Wandering among the strange concrete slabs with a few other tourists, I remembered the drizzly evening years ago when I visited the original Stonehenge as part of a university field trip. As academic visitors, we were allowed inside the perimeter circle after the site had closed to tourists for the day. Clasped in raincoats, we drifted around the sarsen stones as silently as astronauts, distant from everything; it was as if time moved more slowly inside the stones. Maryhill’s Stonehenge has a parking lot beside it, and its monumental concrete slabs perch oddly on the edge of the river gorge. Every block is perfectly balanced; the site reimagines the original henge, not the weathered ruins I remembered. The surrounding terrain is all wrong, the desert sun far too harsh. The henge felt flat and outlandish, like a film set.

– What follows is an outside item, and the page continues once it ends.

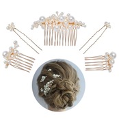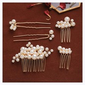 「セット」 大きいパールヘアアクセサリー*1、小さいパールヘアアクセサリー*2、パールヘアピン*2。大きいヘアアクセサリー:8* 5cm、小さいヘアアクセサリー:4.5*4cm/2.5*4cm、ヘアピン:1.5*7.5cm/1.5*7cm。
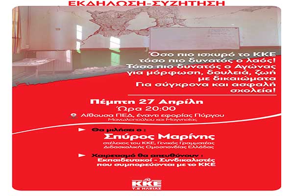 ΚΚΕ Ηλείας: Εκδήλωση-συζήτηση για τις κρίσεις διευθυντών στις σχολικές μονάδες

We did not expect to have time to tour the museum, but were charmed into a quick visit. The Castle Nowhere article had led me to expect a stubbornly stuffy estate, a classical anachronism complete with peacocks patrolling the grounds. The peacocks, however, were nowhere to be seen, perhaps replaced by the whimsical contemporary sculptures adorning the garden. Near the entrance, construction workers were busy laying the foundations for a new expansion, and I wondered if the Double had in part prompted changes at Maryhill, perhaps provoking a little self-reflection. Inside the museum, solemn stone walls preserved an eccentric collection of exhibits: Sam Hill’s megalomaniacal globes, historical photos of the Native American textile trade, costumes from Romanian royalty. In one stairwell we found a storage alcove clustered with plaster busts, a cast of characters peering through the door at us.

Outside on the balustrade, we gazed across the gorge at the empty space where Maryhill Double must have stood, a field of cracked rock dusted with yellow grass. The gardens around the museum are lavishly irrigated, creating a theatrical oasis of green. I briefly contemplated constructing a tiny replica of the museum out of grass, Maryhill Miniature. Despite the grandiose ambitions of its founder, Maryhill is full of the miniature: an exhibition of diminutive French fashion mannequins, dozens of exquisitely inventive chess sets poised for battle, a roomful of small Rodin maquettes and sketches.

Over the following weeks we visited coastal forests where I learned the names of giants: Doug-fir, Ponderosa Pine, Western Red Cedar. Looking out my window in Newfoundland now, all the trees look smaller.